> _What is being asked_
Before you write out the listing, remove the pictures; everything else stays exactly as it is.

> _Dataset extract_
BEGIN

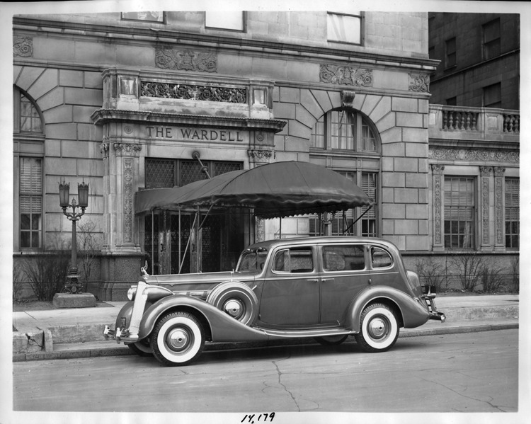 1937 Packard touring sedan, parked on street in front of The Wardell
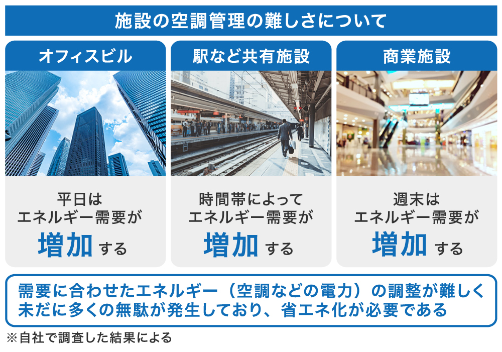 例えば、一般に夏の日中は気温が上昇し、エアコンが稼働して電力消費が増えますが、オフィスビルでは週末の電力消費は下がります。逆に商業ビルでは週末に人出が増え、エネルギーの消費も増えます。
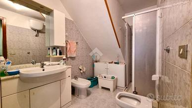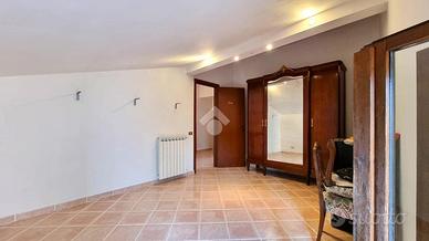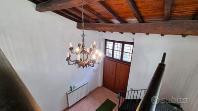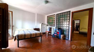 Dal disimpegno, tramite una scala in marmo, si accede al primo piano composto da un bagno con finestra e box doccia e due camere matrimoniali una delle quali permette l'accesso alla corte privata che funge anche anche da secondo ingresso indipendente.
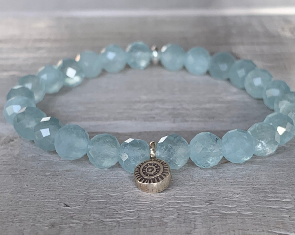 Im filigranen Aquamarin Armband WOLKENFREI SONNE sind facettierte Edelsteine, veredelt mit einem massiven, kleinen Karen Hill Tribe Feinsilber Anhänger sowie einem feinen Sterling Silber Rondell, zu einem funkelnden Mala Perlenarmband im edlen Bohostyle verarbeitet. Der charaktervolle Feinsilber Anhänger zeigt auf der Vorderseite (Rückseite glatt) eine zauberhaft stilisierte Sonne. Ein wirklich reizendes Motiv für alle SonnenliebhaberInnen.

END

> _Answer to the exercise_
 1937 Packard touring sedan, parked on street in front of The Wardell
 例えば、一般に夏の日中は気温が上昇し、エアコンが稼働して電力消費が増えますが、オフィスビルでは週末の電力消費は下がります。逆に商業ビルでは週末に人出が増え、エネルギーの消費も増えます。
 Dal disimpegno, tramite una scala in marmo, si accede al primo piano composto da un bagno con finestra e box doccia e due camere matrimoniali una delle quali permette l'accesso alla corte privata che funge anche anche da secondo ingresso indipendente.
 Im filigranen Aquamarin Armband WOLKENFREI SONNE sind facettierte Edelsteine, veredelt mit einem massiven, kleinen Karen Hill Tribe Feinsilber Anhänger sowie einem feinen Sterling Silber Rondell, zu einem funkelnden Mala Perlenarmband im edlen Bohostyle verarbeitet. Der charaktervolle Feinsilber Anhänger zeigt auf der Vorderseite (Rückseite glatt) eine zauberhaft stilisierte Sonne. Ein wirklich reizendes Motiv für alle SonnenliebhaberInnen.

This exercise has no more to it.